Se guardó el cigarro en el bolsillo de su camisa hawaiana y encendió el proyector. En un español perfecto comenzó a describir una serie de escenarios humorísticos de la literatura y la cultura italianas en los que intervenían disfraces, equívocos y mascaradas, como ejemplos de la teoría que nosotras habíamos expuesto. Todo ello culminaba con un estudio original sobre el Carnaval de Venecia. Tendrías que haber visto los esquemas, dibujados a mano, con letra de grafiti, pero con el orden, la profundidad y la extensión de un trabajo de tesis.
Habló de El satiricón de Petronio, donde había aparecido por primera vez la idea del disfraz asociado al humor: nos relató, con bastante gracia, la historia de los travestidos que actuaban en fiestas de sociedad con exagerados fruteros a modo de turbantes; el cuento del patricio que escapó del lecho conyugal para enrollarse con un criado y que al ponerse una piel de lobo para ocultarse a su regreso, quedó atrapado en ella, dando origen al primer hombre lobo del mundo: una bestia más bien torpe y atribulada, que sufre los ataques de los perros ovejeros, la paliza con un leño que le da un campesino y otras muchas penas, hasta que descubre que lo necesario para volver a ser humano es dejarse aplicar una lluvia dorada por parte de su amante adolescente.
Todo esto ilustrado con sus letras con bordes llamativos a lo Basquiat y sus ilustraciones a modo de viñetas cómicas, dándole un sentido del humor unitario a todo el trabajo. También habló de las Piacevoli Notti, donde por primera vez un hombre disfrazado de animal por un mal hechizo, necesita el beso de una doncella para despertarse, y cómo, en aquella época privada del sentido de lo romántico, todo era en realidad una mofa del sentimentalismo. Habló hasta de El barón demediado de Calvino y de El desierto de los Tártatos de Dino Buzzati, y no me preguntéis cómo consiguió relacionar todo aquello con el humor y las máscaras, pero lo hizo. Era emocionante presenciar cómo había conseguido atrapar al profesor, al que se le escapaba una sutil expresión de ansiedad cuando parecía que el chico iba a perder el hilo, y de alivio cuando lo recuperaba.
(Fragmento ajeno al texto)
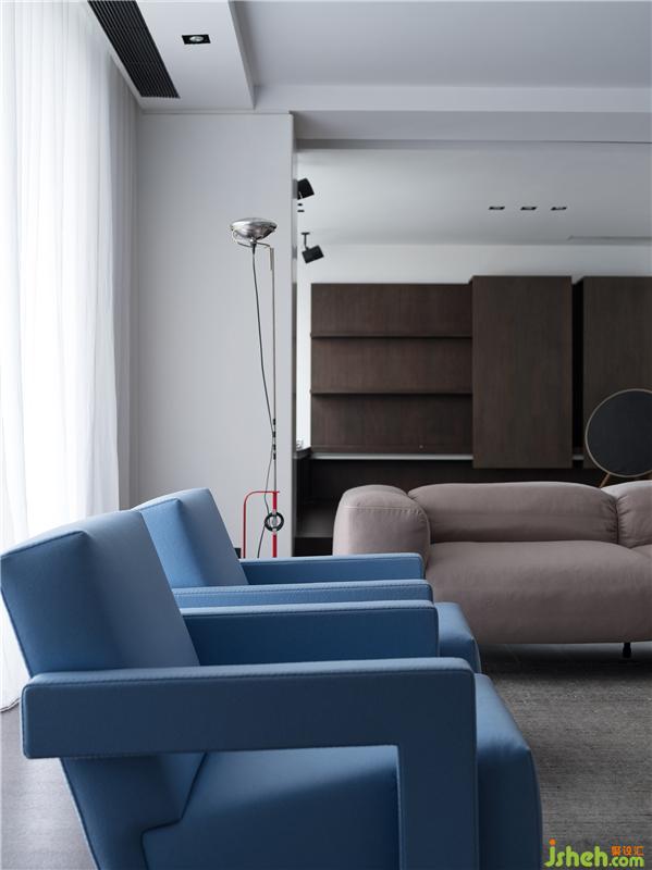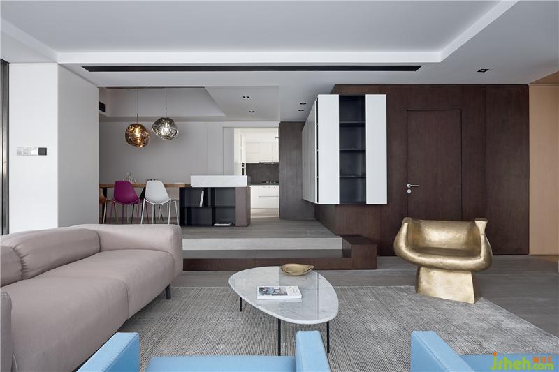 經(jīng)典黑白灰粉飾空間基底,金色造型座椅佇立于客廳之中,遺世獨(dú)立。藍(lán)色單人椅、杏色沙發(fā)增添跳躍色彩,在沉靜的空間氛圍中點(diǎn)起波瀾。室內(nèi)設(shè)計師

Al final, Andrea exhaló un suspiro satisfecho, recogió sus transparencias, se puso el cigarrillo en la boca, y antes de salir envió hacia donde estábamos nosotras una de sus miradas de cinco largos segundos, consciente de que nos había regalado mucho más de un 4´9 e íbamos a perdonarle la chulería. Ninguna volvimos a verle. No recordé a la bruja gallega hasta unas semanas más tarde, con esa especie de alegría con que se recuerda el título de una canción que llevas todo el día tarareando. Dijo que conocería a un extranjero rodeado de máscaras y sí, lo conocí. Ya sabes que las profecías siempre se cumplen y si no, es porque no has tenido la fe o la imaginación suficiente.